At root, this is purportedly a tale of broken promises. The original privatization compact was meant to have included subsidies to offset the utility’s legacy burdens: unmetered theft, outdated infrastructure, and political meddling. But as Pakistan’s energy crisis deepened, these commitments frayed. Investors accuse Islamabad of “blocking tariff implementation” and orchestrating a “takeover attempt” via proxies, eroding their control and returns. 

Economists will recognize this as classic financial repression in action: controls that trap capital domestically while inflating risks, per the models of McKinnon and Shaw from the 1970s. In Pakistan’s case, both local and foreign investors flee to jurisdictions with robust property rights. K-Electric’s woes amplify this, signalling that even a Gulf-financed deal is caught in the vortex of regulatory caprice.
 
With FDI at a nadir, Pakistan’s growth sputters below 3 percent, far shy of the 7 percent needed to absorb its youth bulge and service $135 billion in external debt. Power sector circular debt, now PKR 1.693 trillion, exemplifies sclerosis. To signal commitment and restore confidence, Pakistan must ring-fence privatized assets with independent regulators, enforce arbitration clauses domestically, and dismantle capital controls gradually.

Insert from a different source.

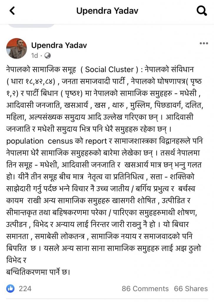 । जसपाभित्र यादव र डा.वावुराम भट्टराईको बीचमा अहिले रस्साकस्सी चलिरहेको कुरा सार्वजनिक विमर्शको विषय बनिरहेको बेलामा उनले सत्तामा सधैं खस,आर्य,आदिवासी जनजाति र मधेशी मात्र सहभागी हुन समावेशीताको सिद्धान्त विपरित भनेर लेखेका छन ।

For K-Electric, an urgent settlement, perhaps via mediated subsidies and tariff hikes, could avert arbitration and rebuild trust. More broadly, jettisoning G2G deals for transparent auctions would level the field, shielding national interests from geostrategic leverage.
 
In a globalized arena where capital is footloose, Pakistan’s privatization paralysis isn’t just a domestic debacle; it’s a self-inflicted wound that repels rescuers. Until Islamabad prioritizes the rule of law over revenue raids, its dreams of revival will remain just that, dreams, deferred by the very hands meant to build them.

Javed Hassan has worked in senior executive positions both in the profit and non-profit sector in Pakistan and internationally. He is a senior visiting fellow at Pakistan Study Center, Fudan University.